Generation process of DIC.

Conventional methods for dicentric chromosome identification firstly extracts the medial axis of the chromosome image and then identifies the centromeres based on the morphological properties of the chromosome. The commonly used medial axis extraction methods rely on chromosome cross-section pixel information5 and various curve fitting methods6,7,8, while some medial axis extraction methods implement handwritten word recognition9, skeleton pruning techniques10,11 and iterative skeletonisation technique12. For the identification of the centromere, the centromere positions can be calculated by convex and concave property10,12, and the pixel information of the chromosomes6,7,13. The centromere can also be detected by applying multicolor fluorescence in situ hybridization images14,15,16,17. Since the morphology of chromosomes is diverse, the conventional methods cannot easily identify different morphologies of chromosomes, limiting the identification accuracy.

To enhance the identification accuracy for DIC images, in recent years, an increasing number of researchers have employed deep learning algorithms for identification and classification of cell images, such as binucleated lymphocytes images18, human fundus images19, skin cancer images20, and ovary images21. Machine learning methods such as the Feature Pyramid Network22, support vector machine23, hierarchical multilayer neural network with error back propagation training algorithm24, and Siamese network25 have been utilized in the automatic identification of DIC images. Some methods have been implemented to improve the identification accuracy, such as filtering out the undesirable images of metaphase cells by the image filtering neural network22 or image morphological features26,27, straightening chromosomes before identification, and manual proofreading only for DICs after automatic identification28.

Since DIC only takes a small proportion of chromosomes in metaphase cell, many automatic identification algorithms have a high false-positive rate of DIC, especially for low-dose irradiated samples29,30. In this paper, a high-precision automatic identification algorithm for DIC images using two-stage convolutional neural network (CNN) is proposed. A self-developed automatic microscopy is adopted to acquire Giemsa-stained metaphase cell images. k-means based adaptive image segmentation and watershed segmentation algorithms are used to extract individual chromosomes and automatically segmentthe adhesive chromosome masses. The first-stage CNN is used to identify the dicentric chromosome images from all chromosome images and the second-stage CNN works to specifically identify the dicentric chromosome images. This method can provide a valuable reference for other image identification situations with small target rates.

Sample preparation and image acquisition

Sample preparation

40 slides of chromosome samples are provided by Henan Institute for Prevention and Treatment of Occupational Disease, China from 20 healthy individuals (10 female and 10 male) in the range of 25 to 40 years old. Each volunteer provides 5 ml of peripheral blood. All the volunteers are nonsmokers in good health condition (no visible infections such as flu or pneumonia) during blood collection, and have not received any medical exposure in the previous year. To obtain DICs, all blood samples are irradiated by gamma radiation of 2 Gy.

All experimental protocols in this paper were approved by the Ethic Committee of the Henan Institute for Prevention and Treatment of Occupational Disease, China, conformed to the Declaration of Helsinki, including:

  • Collection of human blood.

  • Cell culture and slide production.

  • Collection of microscopic cell images.

  • Automatic identification and manual analysis of metaphase cell images.

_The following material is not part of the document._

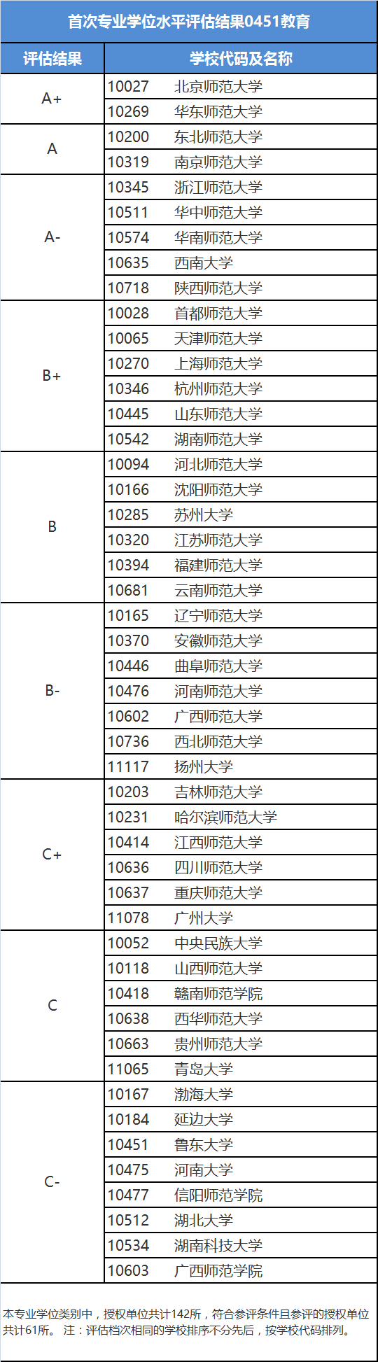 评估结果通过精准计算,按“分档”呈现,具体方法是按“专业学位整体水平得分”的位次百分位,将每个专业学位类别前75%的参评单位分为9档公布:前2%(或前2名)为A+,2%~7%为A(不含2%,下同),7%~15%为A-,15%~25%为B+,25%~35%为B,35%~45%为B-,45%~55%为C+,55%~65%为C,65%~75%为C-。

Slides of the chromosome samples are prepared according to the guidelines and regulations issued by the International Atomic Energy Agency2. Informed consent was obtained from all subjects and/or their legal guardian(s).

Image acquisition system

As shown in Fig. 2, the automatic chromosome imaging system consists of: (1) Desktop with a 16-core Intel Core i9-12900K CPU (64G memory) and NVIDIA GeForce GTX 3090 GPU (24G memory); (2) CCD camera (Lumenera, Canada); (3) Automatic microscope with motion control stage, focal length adjustment device and lens switching device; (4) Signal controller for the motion control platform.

Figure 2
figure 2

Automatic chromosome imaging system.

Since the metaphase cell images need to be captured into 63 × or 100 × objective, the slides are initially autofocused and the images are taken at 10 × objective to speed up the imaging process. The metaphase cells are detected in the obtained images using the automatic location algorithm to be introduced later. The relative coordinates of the metaphase cell in the image and the location of the image on the slide are combined to compute the location of the metaphase cell on the slide. The metaphase cells are then automatically focused and its images are captured by the automatic scanning stage where the microscope is switched to 100 × objective.

Automatic identification method using two-stage convolutional neural network

The automatic image identification method includes four steps. First, in the images at 10 × objective, the location of the metaphase cells is captured to assist the automatic microscope to acquire the metaphase cell images at 100 × objective. Then, chromosome images are extracted from the metaphase cell image. After that, the adhesive chromosome masses are segmented into individual chromosomes. Finally, the dicentric chromosomes are detect and identified by the two-stage CNN.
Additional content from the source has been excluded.